Des mises en garde régulières pourraient laisser croire que les médicaments sont plus dangereux qu'efficaces. Gare aux amalgames.
Il est difficile aujourd'hui d'ouvrir son armoire à pharmacie sans jeter un regard suspicieux à toutes les boîtes de médicaments qui s'y trouvent. Des listes de médicaments dangereux ou sous surveillance sont régulièrement publiées. La semaine dernière encore, la commission d'autorisation de mise sur le marché a recommandé le retrait de l'indication d'un produit contre les nausées (Primperan*, Sanofi et génériques) chez les enfants, en raison de ses effets secondaires. Réaction de Pascal Brossard, le président de l'Afipa (qui regroupe les industriels du médicament de l'automédication), qui défend - logiquement - l'industrie pharmaceutique alors que les laboratoires sont en plein dans la tourmente.
La multiplication des alertes sur les médicaments prouve-t-elle que les industriels ont pu commercialiser, pendant des années, des traitements dangereux ?
Pascal Brossard : Non, les industriels ont mis sur le marché de bons médicaments, avec un rapport bénéfice-risque positif. C'est d'ailleurs pourquoi ils ont été acceptés dans tous les pays. La vraie question est de savoir pourquoi en France on s'interroge plus que dans les autres pays. La réponse est le plus souvent politique, puisque nous ne sommes pas génétiquement différents de nos voisins et que les agences du médicament des autres pays ne sont ni meilleures ni moins sérieuses que la nôtre. Clairement, les objectifs de cette chasse aux sorcières organisée contre l'industrie pharmaceutique ne sont pas d'ordre médical.
Aujourd'hui, d'éventuels liens entre tel médicament et tel effet secondaire sont énoncés avant même que ces relations soient - ou non - scientifiquement prouvées. Or, tant que l'enquête n'a pas abouti, il n'y a rien à dire.

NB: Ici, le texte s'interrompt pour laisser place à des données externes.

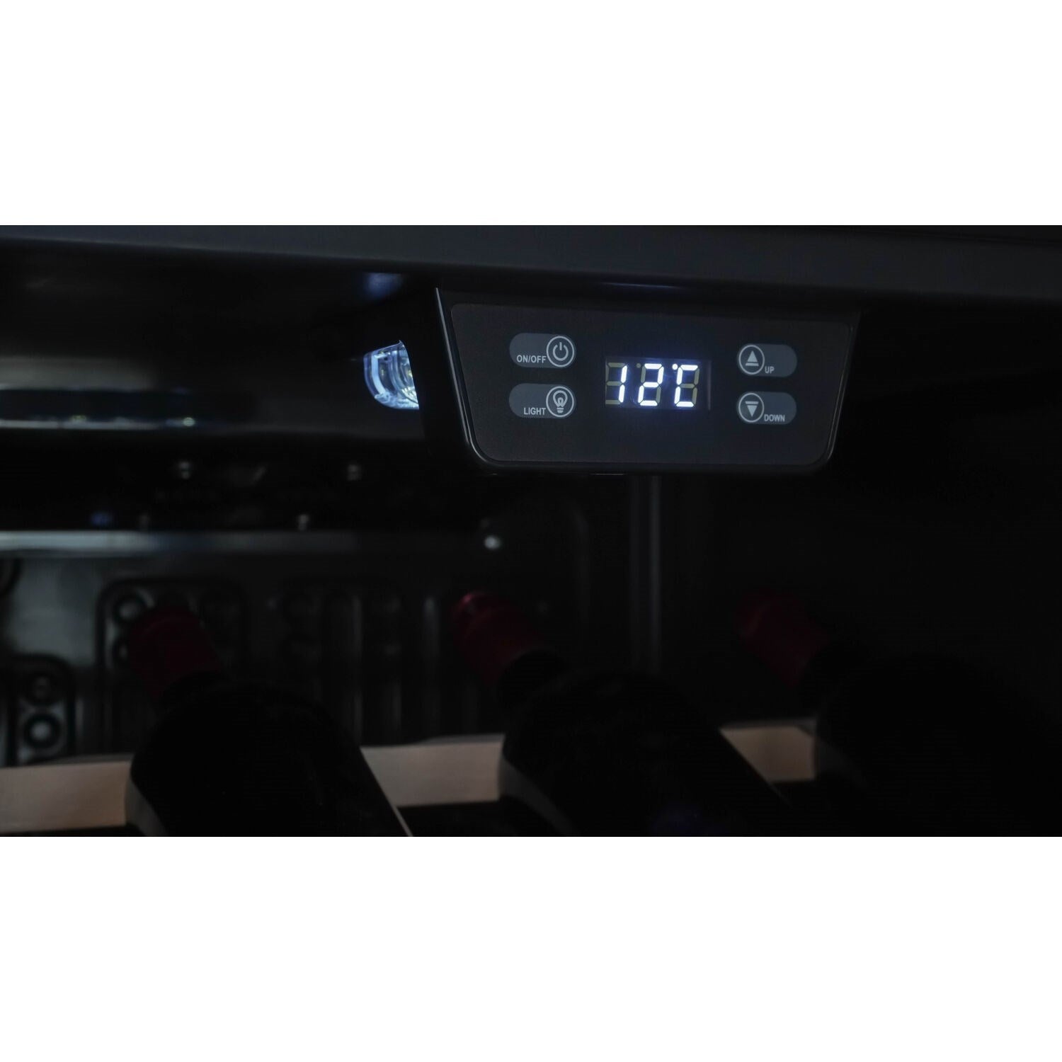 Its temperature range is 41F to 64F, and it can be viewed and monitored from the outside through its glass door. It has a reversible door, a door lock, a digital thermostat with an LED display, and natural beechwood shelving. This cooler's silent operation, as well as the 12-month parts and labor guarantee, will put your mind at ease.

L'exemple d'un antidiabétique, suspendu dans notre pays depuis juin, mais accepté par l'Agence européenne du médicament, augmente la confusion et renforce la stigmatisation des médicaments en France, qui est néfaste pour tout le monde.
Les médecins ne sont-ils pas responsables de la crise actuelle, en ayant prescrit trop de médicaments, y compris en dehors de leurs indications strictes ?
Non, dans la majorité des cas les médecins ont prescrit des produits dans les indications recommandées. Le problème Mediator ne concerne que les Laboratoires Servier et l'Afssaps (Agence du médicament). Je ne vois pas pourquoi cela entraîne une mise sur la sellette de tous les autres produits.
Il faut savoir que de nouveaux produits arrivent régulièrement, rendant les plus anciens moins intéressants, mais pas dangereux pour autant. Et que tous les produits qui sont devenus accessibles à l'automédication ont été considérés comme sûrs, par définition. Il faut donc accepter le progrès sans pour autant dénier ce qui était proposé auparavant.
Selon vous, une meilleure information des patients serait la clé d'une bonne automédication ?
Oui, quand on voit que seul le tiers des patients lit la notice avant de consommer un médicament, on peut se poser des questions... Certes, il faut simplifier ces documents, mais cela prend beaucoup de temps pour les faire accepter par Afssaps. L'Afipa se bat aussi pour une meilleure information des Français. Pour nous, une vraie automédication responsable implique un programme d'éducation et de formation des patients. Ce n'est surtout pas à l'industrie pharmaceutique de le faire. Nous demandons la mise en place de programmes d'éducation pour la santé intégrés dans les programmes scolaires et réalisés par des professionnels de santé avec les enseignants, notamment pour les pathologies courantes.